__Exercise requirements__: Below are the records. Gather each line that holds "with".

[Material supplied]

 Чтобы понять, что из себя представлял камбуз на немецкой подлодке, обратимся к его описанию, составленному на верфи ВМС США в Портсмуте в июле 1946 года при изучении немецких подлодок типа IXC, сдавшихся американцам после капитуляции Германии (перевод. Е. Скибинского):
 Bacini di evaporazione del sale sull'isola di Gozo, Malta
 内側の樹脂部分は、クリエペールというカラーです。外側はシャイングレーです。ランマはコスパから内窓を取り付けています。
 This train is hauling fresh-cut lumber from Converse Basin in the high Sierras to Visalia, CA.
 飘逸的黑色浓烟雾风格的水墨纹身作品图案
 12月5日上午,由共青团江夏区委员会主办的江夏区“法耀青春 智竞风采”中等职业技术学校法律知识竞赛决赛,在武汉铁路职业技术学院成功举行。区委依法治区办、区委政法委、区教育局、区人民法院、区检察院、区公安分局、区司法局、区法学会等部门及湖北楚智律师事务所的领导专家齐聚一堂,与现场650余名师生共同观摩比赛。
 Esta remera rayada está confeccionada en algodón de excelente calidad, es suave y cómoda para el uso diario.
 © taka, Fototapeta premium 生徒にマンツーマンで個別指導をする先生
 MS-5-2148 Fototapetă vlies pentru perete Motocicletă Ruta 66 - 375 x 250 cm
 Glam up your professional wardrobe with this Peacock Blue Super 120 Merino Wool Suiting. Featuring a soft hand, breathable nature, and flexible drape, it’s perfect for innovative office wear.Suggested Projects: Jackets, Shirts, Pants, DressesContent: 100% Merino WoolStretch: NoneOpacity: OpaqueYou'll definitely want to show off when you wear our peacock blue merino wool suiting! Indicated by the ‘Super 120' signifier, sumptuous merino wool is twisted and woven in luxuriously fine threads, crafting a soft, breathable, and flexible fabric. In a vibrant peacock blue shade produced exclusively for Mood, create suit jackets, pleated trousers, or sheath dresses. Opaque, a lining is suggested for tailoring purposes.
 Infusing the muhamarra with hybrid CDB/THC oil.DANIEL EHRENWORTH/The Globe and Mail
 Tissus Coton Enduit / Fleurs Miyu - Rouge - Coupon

[/Material supplied]

__Task output__:
 Glam up your professional wardrobe with this Peacock Blue Super 120 Merino Wool Suiting. Featuring a soft hand, breathable nature, and flexible drape, it’s perfect for innovative office wear.Suggested Projects: Jackets, Shirts, Pants, DressesContent: 100% Merino WoolStretch: NoneOpacity: OpaqueYou'll definitely want to show off when you wear our peacock blue merino wool suiting! Indicated by the ‘Super 120' signifier, sumptuous merino wool is twisted and woven in luxuriously fine threads, crafting a soft, breathable, and flexible fabric. In a vibrant peacock blue shade produced exclusively for Mood, create suit jackets, pleated trousers, or sheath dresses. Opaque, a lining is suggested for tailoring purposes.
 Infusing the muhamarra with hybrid CDB/THC oil.DANIEL EHRENWORTH/The Globe and Mail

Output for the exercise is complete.